“Have you ever done this before?” Cody Vichinsky asked East Hampton Town Police Officer Grace Peterson as the two knelt next to each other on Vichinsky’s front porch.
“From the other side,” Officer Peterson responded, “twice.”
The pair were kneeling next to Vichinsky’s wife, Lauren, each holding one of her legs. Lauren Vichinsky was about to give birth to the couple’s second daughter — right there on the porch.
A few minutes earlier on Wednesday evening, April 20, Peterson had been in her patrol car deep in Northwest Woods, assisting a woman who had fallen and broken her arm, when a call came in that a woman was going into labor.
The 19-year veteran sprinted to the house in Hardscrabble, pulling in to find Lieutenant Daniel Toia putting an oxygen mask on Lauren Vichinsky, who was on all fours on the front porch, in agony.
“She was crying and timing her contractions with her phone — they were about two minutes apart — and she told me she had the urge to push,” a clear signal that mothers are intimately familiar with, Peterson recalled on Thursday, April 21. “It was her second child, so she knew that things were moving quickly. I could tell by her face that we were going to have that baby.”
Police officers are shown a video on assisting with childbirth when they are in the training academy.
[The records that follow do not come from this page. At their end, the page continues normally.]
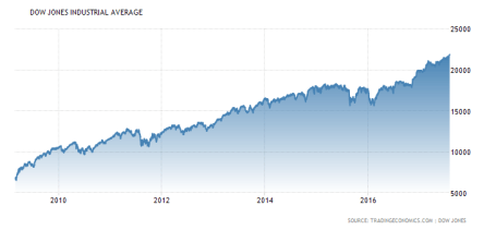Despite these impressive gains (see 2009-2017 chart below), overall, investors remain concerned. Rather than stock participants calmly enjoying the sun, breeze, and refreshingly cool waters of the current markets, many investors have been more concerned about getting sunburned to a geopolitical crisp; overwhelmed by an unexpected economic tsunami; and/or drowned by a global central bank-induced interest rate crisis.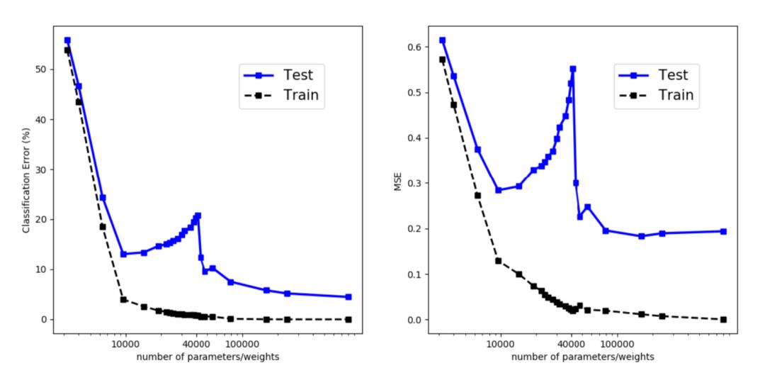深度学习模型是严重过度参数化的,在训练数据上通常可以获得完美的结果。以传统的角度来看,这就像偏差 - 方差权衡,可能是个灾难,没有东西可以泛化到还没看到的测试数据。然而,在通常情况下,这样的“过拟合”(训练误差 = 0)深度学习模型仍然在样本外测试数据上表现不错。这很有趣,原因是什么呢?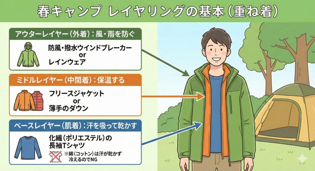 「レイヤリング(重ね着)」が正解です。春は日中と夜間の気温差が10〜15℃以上になることも珍しくなく、「昼間暖かかったから大丈夫」という油断が夜中に凍える事態を招きます。基本の組み合わせは、化繊の長袖Tシャツ(ベース)+フリースやダウン(ミドル)+防風・撥水のアウターの3層構造。防寒着は「多すぎるかな?」と思うくらい持っていくのが正解です。なお、綿(コットン)素材のTシャツは汗が乾かず体が冷えるので下着には不向きです。
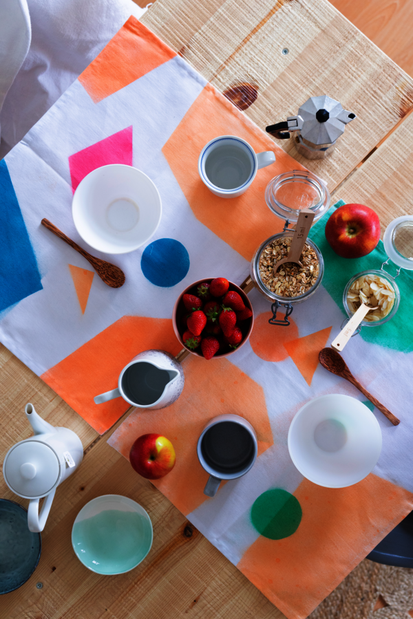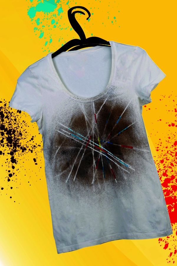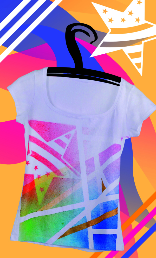 Freies Sprühen, Farbverläufe mit Marabu Fashion-Spray Bei Textilien (Baumwoll- und Mischgewebe bis max. 20 % Kunstfaseranteil) Appretur und Weichspüler auswaschen. Natürlich können T-Shirts, Kissen usw. auch ohne Motiv gestaltet werden. Dafür einfach den Stoff nach Lust und Laune mit einem oder mehreren Fashion-Spray Farbtönen besprühen. Auch tolle Farbverläufe sind mit dem Fashion-Spray möglich.Abkleben, Ablegen mit Marabu Fashion-SprayBei Textilien (Baumwoll- und Mischgewebe bis max. 20 % Kunstfaseranteil) Appretur und Weichspüler auswaschen. Um bestimmte Bereiche beim Sprühen auszusparen, können diese entweder mit einem Kreppklebeband abgeklebt oder mit Karton abgedeckt werden. So gelingen besonders schnell und einfach grafische Muster und Streifen. Dafür ein Stück Karton in das Oberteil hinein legen, so dass die Farbe nicht auf die Rückseite durchfärbt. Anschließend das T-Shirt o.ä. straff mit Klebeband auf der Unterlage befestigen. Das gewünschte Muster mit dem Klebeband abkleben oder mit Pappe ablegen. Nun mit Fashion-Spray ein- oder mehrfarbig das Textil besprühen. Klebeband nach Trocknung entfernen und kurz trocknen lassen. Zusätzlich können Marabu Silhouette-Schablonen verwendet werden. Um tolle Highlights auf dem T-Shirt zu setzen, einfach mit dem Marabu Fashion-Liner ein Linien-Muster vollflächig ausmalen oder dezente Verzierungen aufmalen. Die Textilie zum Schluss fixieren.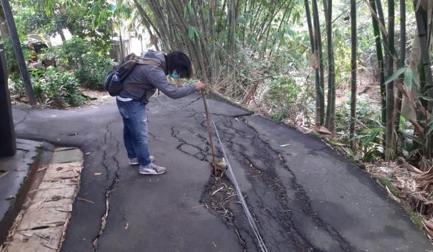 Sementara ini dengan peralatan seadanya, Akhyar berinisiatif untuk memasang tanda menggunakan potongan bambu dan tali pada retakan tersebut.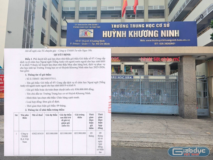 Tại Trường Trung học cơ sở Huỳnh Khương Ninh (phường Tân Định), trong năm học 2025-2026, Công ty Trách nhiệm hữu hạn ILA Việt Nam trúng thầu "Gói thầu số 7: Cung cấp dịch vụ tổ chức học ngoại ngữ (Tiếng Anh) với người nước ngoài cho học sinh khối 8 và 9" trị giá 856.000.000 đồng, ngày phê duyệt là 4/9/2025.

For Peterson, that was 19 years ago, and that is the extent of the training for such situations they get.
East Hampton Town Police Chief Michael Sarlo said that in his 27 years on the force, he could not recall an officer fully delivering a baby.
But motherly instincts kick in quickly in tense moments, Peterson said, and the men who were there on Wednesday evening say the mother of two daughters immediately took charge.
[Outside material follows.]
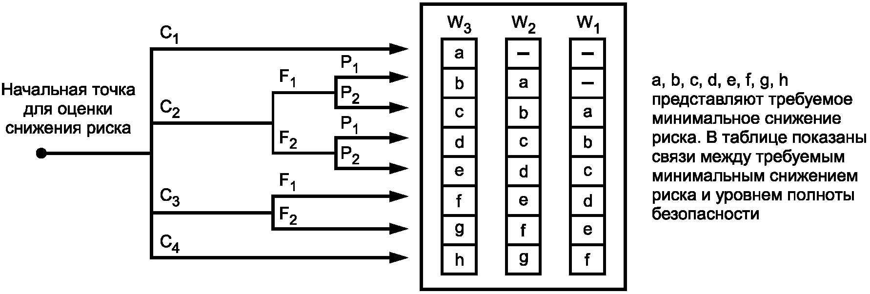 Приложении C, не применим в тех случаях, где риск (или его частотная составляющая) не может быть охарактеризован количественно. В настоящем приложении описывается метод матрицы тяжести опасных событий, представляющий собой количественный метод, позволяющий определить уровень полноты безопасности E/E/PE системы, связанной с безопасностью, на базе знания факторов риска, связанных с EUC и системой управления EUC. Он применим, в частности, для модели риска, показанной на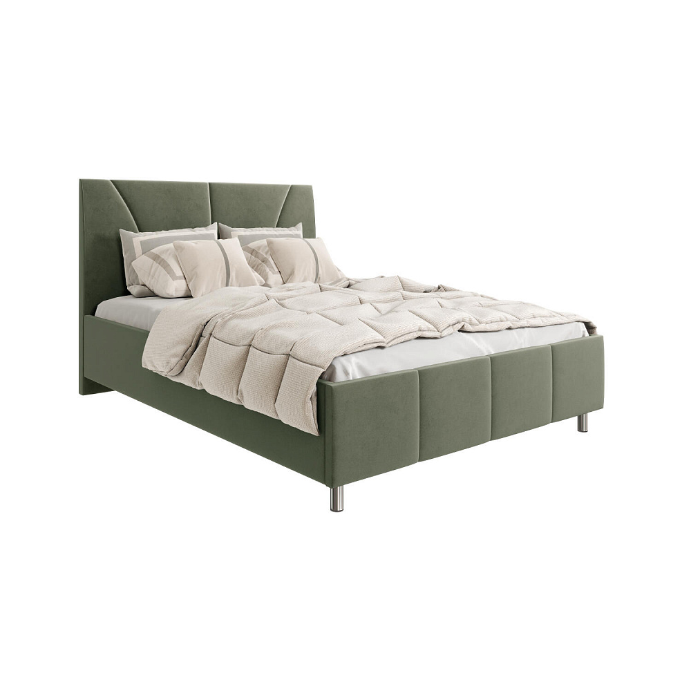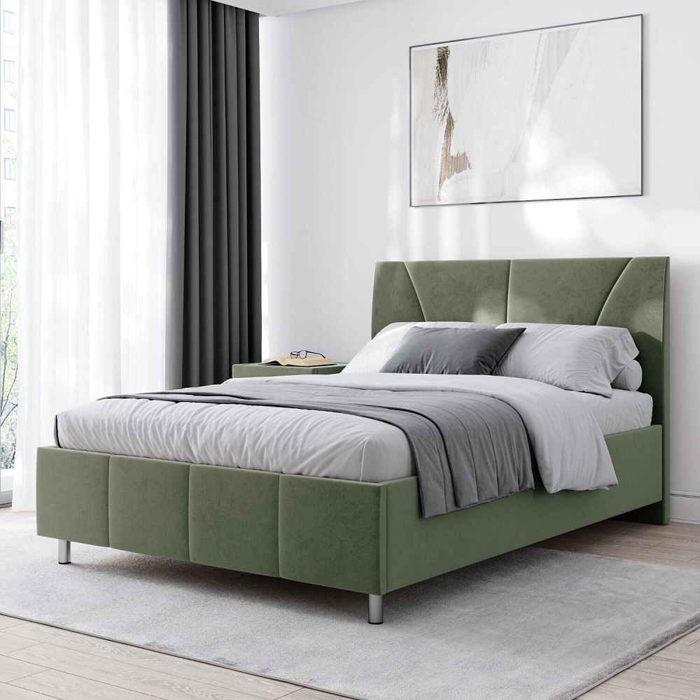 Мягкая кровать «Каролина» для тех, кому важен здоровый сон и эстетичный вид мебели. Дизайн отличается диагональными и прямыми строчками и слегка изогнутым изголовьем. Возвышение на ножках добавит в интерьер динамики и лёгкости. Кровать также поможет сэкономить пространство квартиры благодаря вместительному бельевому коробу под решёткой.

“Grace, it was like she’d done it a million times,” Toia said. “I asked her, ‘When the hell did you get an M.D.?’ She put on an outstanding performance. I’m really glad she was there.”
While Toia and Officer Jake Bramwell eased the mother-to-be onto her back, Peterson started undressing her and sent Cody Vichinsky to gather towels and blankets and pillows and bring them to the porch. There was no time to move her.
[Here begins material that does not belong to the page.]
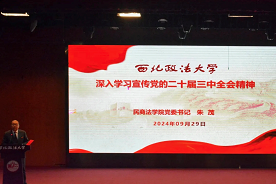 朱茂书记讲授“书记第一课”。朱书记为全体2024级本科新生宣讲党的二十届三中全会精神,他指出,青年学子要深入学习贯彻习近平总书记关于全面深化改革的一系列新思想、新观点、新论断,深刻领会和把握进一步全面深化改革的主题、重大原则、重大举措、根本保证,为进一步全面深化改革、扎实推进中国式现代化贡献新时代青年的智慧和力量。他讲述了我校的办学历史,学校红色基因浓厚、法学特色鲜明、人才培养质量突出,他希望同学们作为西法大学子,能够将红色基因深植于自己的血脉之中,延续政治坚定、实事求是、勇于创新、艰苦奋斗的“老延大”精神、陕北公学精神,并以其滋养初心,淬炼灵魂。他激励同学们将人生理想融入国家建设,践行法治思想,激扬矢志奋斗,不负韶华、挺膺担当,书写时代华章。

“She was in the zone, instinctively. She was directing everybody, and you could see she was thinking about each step ahead of anyone else,” Cody Vichinsky recalled on Thursday, from Stony Brook University Hospital, where his wife and new daughter, Isabelle, are doing well.
That outcome wasn’t always assured.
With Vichinsky and Peterson each holding a leg, Lauren Vichinsky started to push, and the baby came out quickly. But as the head became visible, something was clearly wrong.
“The head popped out, and she was blue as a Smurf,” Cody Vichinsky recounted. “She wasn’t breathing. The umbilical cord was wrapped around her neck.”
Another push from Lauren Vichinsky, and Isabelle popped out and Peterson acted quickly.
“It was scary,” she said. “The umbilical cord was wrapped around her neck, and I could see fluid in her nose and mouth. I unwrapped the cord and was able to flip her over, and I put my fingers in her mouth and cleared out the fluid. And Cody got something, a suction thing, from the house, and was able to clear out her nose.
“Then I heard her cry. I wanted to hear that cry so desperately.”
It was 7:07 p.m. — about 40 minutes after Cody Vichinsky had arrived home, and 35 minutes after his wife, who was 35 weeks pregnant, had first said she was suddenly feeling a twinge of contractions.
The couple had scrambled to gather things to head to the hospital, but the contractions were intensifying and gathering speed much faster than with the couple’s first experience 18 months earlier.
“We’re walking out the door, and she stopped, and next thing I knew she was on all fours in agony and couldn’t move — it suddenly got very real,” Cody Vichinsky recalled.
Only a handful of minutes later, color came to Isabelle’s face and her cries got stronger. Peterson and the baby’s father wrapped her in a towel and put her on her mother’s belly for skin-to-skin contact, then draped the pair in heavy blankets to ward off the cold evening — just as EMTs pulled in the driveway.
Peterson said she felt like it was then when she took her first breath since she’d gotten out of her car.
“It was very intense,” she said. “I didn’t think about it until later, but things could have gone way wrong.”
Cody Vichinsky heaped praise on Peterson, Toia and Bramwell for keeping their cool in a very stressful moment, keeping him and his wife calm — he’d been picturing himself driving with a police escort through evening traffic; his wife had asked Peterson if she’d had an epidural — and, of course, potentially saving their new daughter’s life.
“Without those officers, I don’t think my daughter would be alive,” he said. “Officer Peterson, in our house, will always be a hero.”
But Peterson says the credit should go to the one who did the real work.
“Lauren was the hero on that porch. I’m just happy I was there to be able to assist her,” Peterson said.
She added, “Mother’s Day should definitely be a full week.”